The cut
Councils up and down the country are preparing swingeing cuts to adult social care even before next month’s spending review is finalised. One way they’re getting ready for the age of austerity is by removing the ceiling on the amount the elderly and disabled pay for help with things like washing, dressing and going to the toilet.  Oxfordshire has already taken action – and Lewisham, Warwickshire, Hertfordshire, and Hampshire are all consulting on removing a payments cap which was introduced by the government in 2003 to limit charges for care.

The background
Social care is paid for by local authorities, and unlike the health service, it isn’t ring fenced from spending cuts. The Communities and Local Government Department is facing budget reductions of 25-40 per cent.  So town halls are preparing to take a scythe to social care spending to make ends meet.

That explains why many are planning to remove the cap the Labour government brought in in 2003 to make things fairer. As a result, elderly and disabled people will have to dig deeper into their pockets to fund their care.

The analysis
Councils aren’t going to wait for the Chancellor to tell them their share of the £83bn spending cuts ahead. They’re already reining in costs, and adult social care is first in line. It’s one of the biggest budgets town halls manage, so it was always going to be hit hard.

In Oxfordshire they’re braced for cuts as severe as 40 per cent from the Social and Community Services budget. And they’ve already started taking action. The council is now charging older people the maximum rate for care in their own homes, which is £15 an hour, and has doubled, to £10 a day, the cost of day services in council centres.

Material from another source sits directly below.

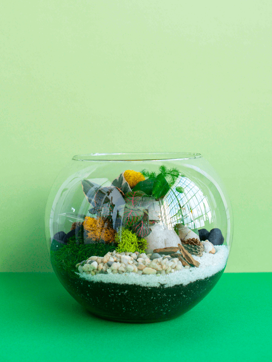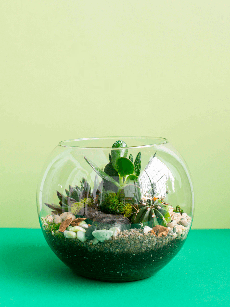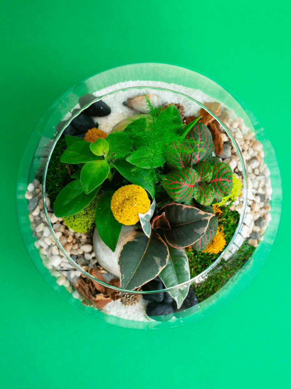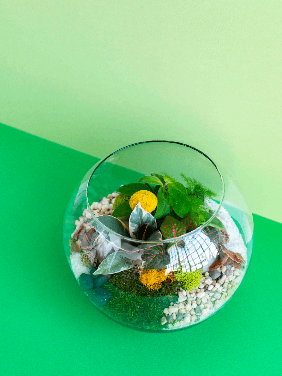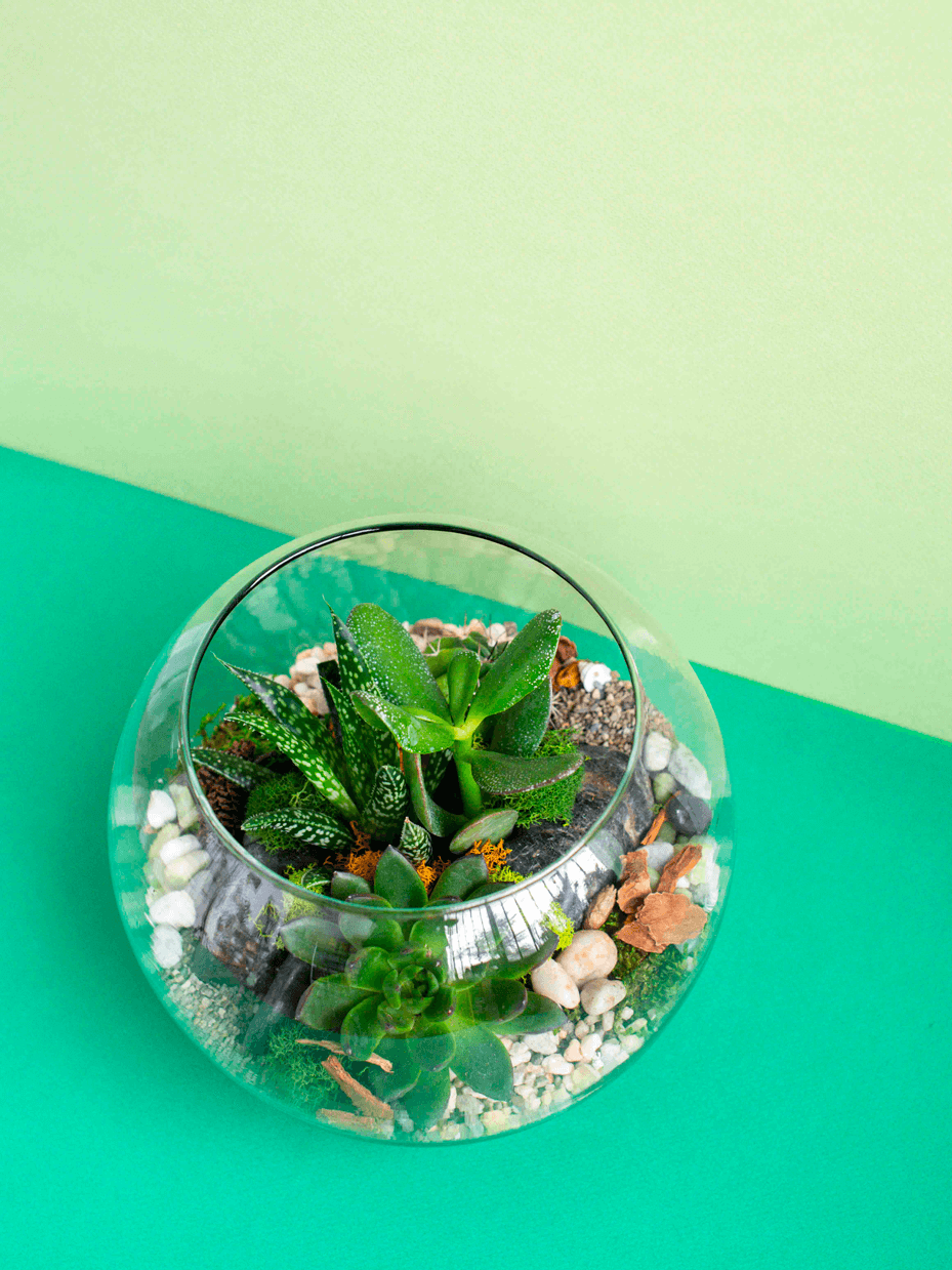 This lovely custom terrarium makes a perfect gift! We will create a unique low-maintenance landscape tucked into a glass container. It's natural design will easily fit into any home and the lush combination of plants and decorative materials are sure to be a conversation piece.

Raising the ceiling on charges is one of the easiest ways for councils to make the numbers add up. CutsCheck has discovered that Lewisham is consulting on plans to remove the cap, or raise the weekly ceiling to £395, up from £290 currently.

Warwickshire
likewise is considering increasing its hourly charge for adult social care from £9.66 to £12.34 in December and £16.45 in April next year. It is also weighing up whether to ditch the cap. Hertfordshire is following suit.

Hampshire has this to say:  “At present the council uses ‘caps’ which means that no-one contributes more than 95 per cent of their disposable income and the most anyone would pay towards the cost of their services is £440 per week, even if they could afford to pay substantially more.  Under a new system, those who have been assessed as being able to pay more than £440 per week would be asked to do so.”

And Lincolnshire is looking at almost doubling the maximum charge from £126 to £250.

CutsCheck has also seen confidential documents from one council, laying bare the scale of pressure on the social care budgets. Rochdale council – run, like the government, by a Conservative/Liberal Democrat coalition – is planning savings of £2.98m from its “intermediate care” budget. That’s help for people leaving hospital. It’s also slashing £2.8m from community home care.

The Labour group leader on Rochdale council, Colin Lambert, told us that would mean the closure of two care homes. And he revealed that a total of £25m would be axed from the adult social care budget in Rochdale over the next two and a half years. That’s a cut of more than 50 per cent.

Speaking to CutsCheck, he said “the savagery of that cut means people will become ill, they will be readmitted to hospital, increasing the NHS budget. The lack of care… will lead to malnutrition, it will lead to serious illness.  It will increase the re-admittance rate to hospital, and it will seriously lead to old people dying early needlessly.”

Although local authorities insist those on the lowest income will be protected from the worst of the cuts, charities for the elderly and disabled are seriously worried.

A coalition of 20 groups has written to council chief executives expressing concern. The letter, passed to CutsCheck, points out the social care cuts could be counter-productive. If people are denied help at home, they could end up in hospital, therefore costing the NHS more. “Denying people access to support … can result in additional costs. People may enter care homes rather than remaining in their own homes through not accessing support until experiencing crisis needs, which results in higher costs to local authorities,” the letter says.

The charity Disability Alliance said: “As a result of paying for essential services some disabled people are already living in poverty and unable to adequately eat or heat homes properly to maintain health. As councils are forced to implement national cuts they must take care not to further impoverish our most disadvantaged citizens.”

Cathy Newman’s verdict
The October spending review is really going to hurt adult social care. Many believe it’s short-sighted for the government to protect NHS spending, without doing the same for social care, particularly as people denied help at home may end up being an extra burden on the health service.

Because social care is one of the biggest budgets town halls manage, it was always going to bear the brunt of the cuts. And our findings show that councils are pre-empting the Chancellor’s announcement, and thinking the previously unthinkable in this area.

It seems odd that David Cameron is prepared to promise to save free bus passes for pensioners, while allowing local authorities to take chunks out of basic services for the elderly and disabled. The leader of the Labour group on Rochdale council says cuts on this scale will cause malnutrition or even deaths. Even allowing for some exaggeration for political effect, sadly this may not be as hyperbolic as it sounds.